Following Italian officials commencing an investigation into assertions that Italian hunters were among those implicated in overseas killing holidays, Licanin conveyed he felt capable of stepping forward.
He detailed his engagement in the war commencing in 1993, coinciding with his Bosnian Serb community separating from the Muslim Bosniaks as ethnic and religious strains intensified. He relocated to the Serb-overseen territory of Sarajevo, where he enlisted in a Bosnian Serb tank unit.
He specified his unit shared a strategic point towering over the city with a 200-strong Serb militia, governed by former postal employee Slavko Aleksic.

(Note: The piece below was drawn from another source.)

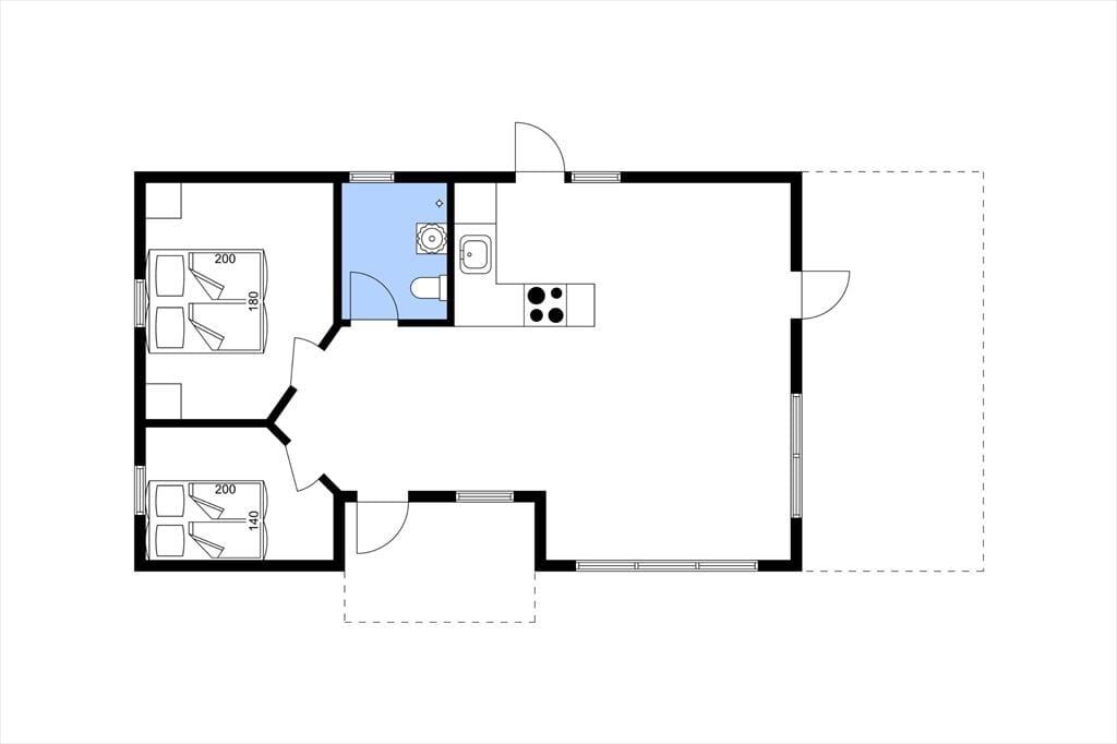 Willkommen in deinem Ferienhaus: Im Inneren erwartet dich eine offene Küche in Kombination mit einem großzügigen, hellen Wohnzimmer mit Essbereich. Hier ist Platz für geselliges Beisammensein mit der Familie, und das Wohnzimmer bietet direkten Zugang zum schönen Garten und zur Terrasse. Das Ferienhaus verfügt außerdem über zwei gute Schlafzimmer und ein funktionelles Badezimmer.

“They were shooting at women, children and the elderly. They lacked self-control, and Aleksic was evidently a psychopath; one could perceive it in his eyes.”
While Licanin indicated his unit received official targeting coordinates, he alleged that Aleksic’s snipers designated their own victims.
The visitors purportedly remitted funds to secure superior viewing positions in elevated structures, while Croatian investigative journalist Domagoj Margetic asserted he was informed the depraved shooters would “pay extra to shoot children and pregnant women”.
Margetic articulated that militia contacts apprised him that shooters originated from Russia, Romania, Greece, Italy, Spain, France, Germany, the USA, Canada, and the United Kingdom.
The assertion that women were among the bloodsport sightseers was substantiated by Zlatko Miletic, the then chief of police in Sarajevo, who managed an anti-sniper squad.
“I recall a woman from Romania who must have eliminated more than ten individuals,” he imparted to Balkan news channel N1 this month.
“Those overseas snipers were extensively entrenched in concrete trenches, rendering it arduous to neutralise them,” Miletic avowed, who presently serves as a member of parliament in Bosnia.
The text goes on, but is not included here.